Senator Barack Obama on Thursday released a list of $740 million in earmarked spending requests that he had made over the last three years, and his campaign challenged Senator Hillary Rodham Clinton to do the same.

The list included $1 million for a hospital where Mr. Obama’s wife works, money for several projects linked to campaign donors and support for more than 200 towns, civic institutions and universities in Illinois.

The winning requests included more than $10 million for a military arsenal in Rock Island, Ill., to several million dollars for research on soybean disease and livestock genes at the University of Illinois and $100,000 for after-school clubs and sports programs at the Chicago Jesuit Academy.

In other cases, Mr. Obama’s requests benefited political supporters.

His campaign’s list said the senator had secured $1.3 million of an $8 million request in 2006 for a high-explosive technology program for the Army’s Bradley Fighting Vehicle. The list said the program was overseen by General Dynamics.

One of Mr. Obama’s top supporters, James S. Crown, serves on the board of General Dynamics, a military contractor. Mr. Crown is a member of Mr. Obama’s national finance committee.

Mr. Obama also secured $750,000 of a $3 million request for renovation of a space center named for Mr. Crown’s grandfather, Henry Crown, at the Museum of Science and Industry in Chicago.

In addition to the University of Illinois, Mr. Obama secured several million dollars for a project at Chicago State University. Emil Jones Jr., the president of the Illinois State Senate and an early and powerful political benefactor of Mr. Obama’s, has been a dogged champion of Chicago State, and one of Senator Obama’s closest friends. A Chicago businessman, James Reynolds, sits on its board.
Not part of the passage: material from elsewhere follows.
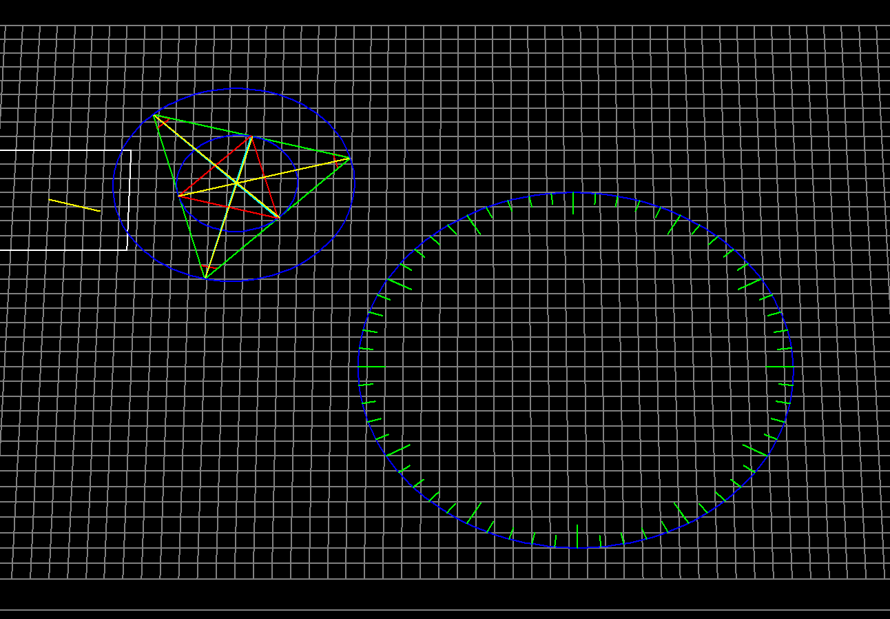Generating fully animated proofs of all 465 of Euclid's proofs and demonstrations is a bit beyond the scope of this project, but certainly within the realm of possibilities, just in case you need some really interesting tools for some yet ever so even weirder proof of something attributed to that Pythagoras. Otherwise, maybe this is a really good time for me to post the C++ source and header files for the Euclid stuff, which proves that yes, it really is possible to use branchless, or nearly branchless programming, with or without loops. and so on, to do some really interesting stuff.  Just like Ptolemy or Euclid.  Even if I haven't quite eliminated ALL trig calls quite yet.  But it can be done.  Maybe some other time.  Real soon now.

There are people in Illinois connected to Barack Obama? Wow, that's news.

How is anything listed an example of "abuse"?
 
There are people in Illinois connected to Barack Obama? Wow, that's news.

How is anything listed an example of "abuse"?

Maybe you should read the list again.

Siphoning our (taxpayer's) money to his friends in exchange for political favors.
 
again, who cares? It is part of the game. He is just trying to represent his constituents to the same degree that other senators too. I honestly don't care. I don't care about the "bridge to nowhere." I care that Ms. Palin is mischaracterizing her actions, however, but I certainly understand it. My preference would be for her to just say, "look, my job is to represent and work for the citizens of my state, and I did that to the best of my ability. I felt we needed a bridge, and this is what governors do to get money to build bridges, and I would not be performing my duties as governor if I didn't pursue this avenue. Of the senate felt that it was exorbitant, then we would work to find another solution, but it isn't my job to make that assessment for them." I can understand why she won't do that, though.
 
Maybe you should read the list again.

Siphoning our (taxpayer's) money to his friends in exchange for political favors.

Oh, I was supposed to read the list? Okay, hold on....




Nope, I see an attempt to connect some of his earmarks with specific people he knows from his home state. Any idiot could write an article like this about any member of Congress, McCain aside.
 
Seemed like a pretty even debate to me, which is a win for Obama, since this was the one debate where McCain could have made up a lot of ground if he had a strong performance, and he seemed to just lurch over like a grumpy old man all debate.

The one x-factor would be the VP debate. If Palin comes out, and actually sounds like she knows what she's talking about, that could help bring the race close again, but I think that is doubtful.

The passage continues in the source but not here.